Характеризуя феномен “восточной науки”, некоторые исследователи обращают внимание на два момента. Во-пер­вых, полагают они, мы упускаем из виду возрастную разни­цу цивилизаций Востока и Запада: “Может быть то, с чего начинали греки, для китайцев было пройденным этапом?”. Во-вторых, “наука на Востоке носила синкретический ха­рактер” не потому, что не успела выделиться в самостоя­тельный вид деятельности, а потому, что научное знание было не высшей целью духовного опыта, а лишь его средством (Т. Григорьева). Из этих предположении можно заклю­чить следующее: на Востоке уже в то время или знали, что есть подлинная “вселенская” наука, и поэтому вполне со­знательно миновали дедуктивно-теоретический этап её раз­вития, или предвосхитили современные методологические искания в русле постмодернизма.

Однако более предпочтительным выглядит представле­ние о том, что на Востоке доминировали иные, не дискурсивные стили мышления и познания, где идеи выражались не столько в понятийной, сколько художественно-образной форме, опорой которых служат интуитивные решения, не­посредственные эмоции и переживания. Это придавало большую значимость интерпретации, а не трансляции на­копленного мыслительного материала и социального опыта.

В XIV — XVII вв., когданаметился существенный пере­лом в альтернативном развитии цивилизаций Запада и Вос­тока, с проблемой самоидентификации в западно-восточном культурном ареале столкнулась и Россия, заявившая теорией “Москва — Третий Рим” о своей православно-куль­турной и мессианской исключительности.

Вопрос об отношении России к цивилизациям Запада и Востока стал предметом теоретической рефлексии в XIX в.

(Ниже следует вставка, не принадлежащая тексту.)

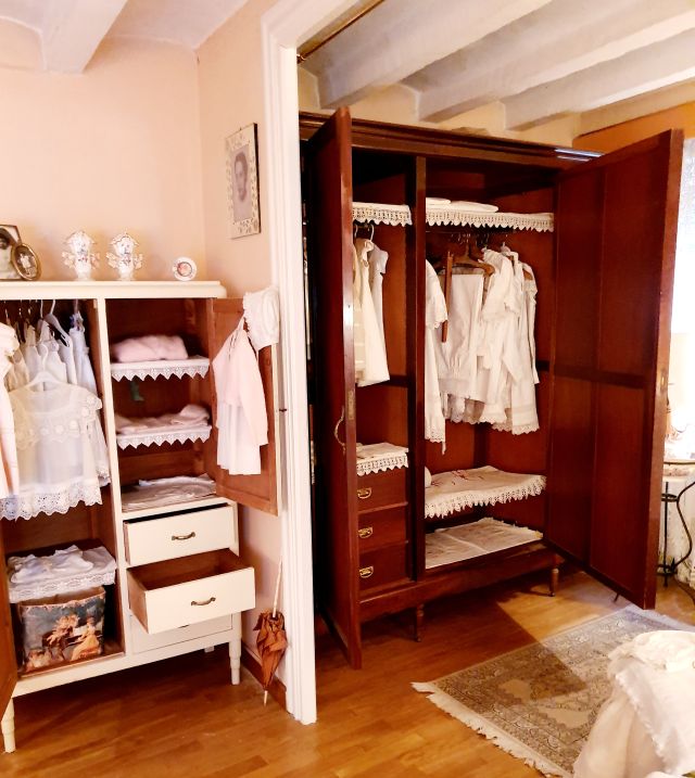 Travessem el que abans havia estat tancat amb una porta i que ara s’hi troba una cortina que separa, és un dir, els dos espais, com podeu veure en aquesta fotografia. L’armari petit amb roba infantil dóna pas a un gran armari de caoba en el que s’hi mostraven vestits de criatura, de bateig i una peça de cadascuna de la roba de l’aixovar de Pepeta/Josefa Bonet Sobrevila, que com s’ha explicat anteriorment, va morir ben jove i, per aquest motiu, la família té tota la roba que tenia preparada pel seu casament.

Г. Гегель, не видя будущности в культурно-историческом развитии России, вычеркнул ее из списка “исторических народов”. П. Чаадаев, признавая своеобразие цивилизационного развития России, видел его в том, что “мы никогда не шли вместе с другими народами, мы не принадлежим ни к одному из известных семейств человеческого рода, ни к Западу, ни к Востоку и не имеем традиций ни того, ни дру­гого, “мы все еще открываем истины, ставшие избитыми в других странах”.

В полемике западников и славянофилов сформирова­лись две противоположные версии цивилизационной при­надлежности России. Одна версия связывала будущее России с ее самоидентификацией в русле европейской социо – культурной традиции, другая – с развитием самобытно – культурной ее самодостаточности. К. Леонтьев разработал концепцию , восточно-христианской (византийской) культурной “прописки” России. Н. Данилевский, наиболее перспективным считал противостоящий западной культуре “славянский тип” цивилизации, полнее всего выраженный врусском на­роде. А. Тойнби рассматривал Российскую цивилизацию в качестве “дочерней” зоны православной Византии. Существует также евразийская концепция цивилизационного развития России, представители которой, отрицая как восточный, так u западный характер российской культуры, вместе с тем ее специфику усматривали во взаимном влиянии на неё западных и восточных элементов, полагая, что именно в России сошлись и Запад, и Восток. Евразийцы (Н. Трубецкой, П. Савицкий, Г. Флоровский, Г. Вернадский, Н. Алексеев, Л. Карсавин) отделяли Россию не только от Запада, но и от славянского мира, настаивая на исключительности её цивилизации, обусловленной спецификой“месторазвития” русского народа. Вo-первых, своеобразие русского (российского) национального самосознания они усматривали в том, что громадные пространства России, расположившиеся в двух частях света, накладывали отпеча­ток на своеобразие ее культурного мира. Во-вторых, евразийцы подчёркивали особое влияние на него “туранского” (тюрско-татарского) фактора.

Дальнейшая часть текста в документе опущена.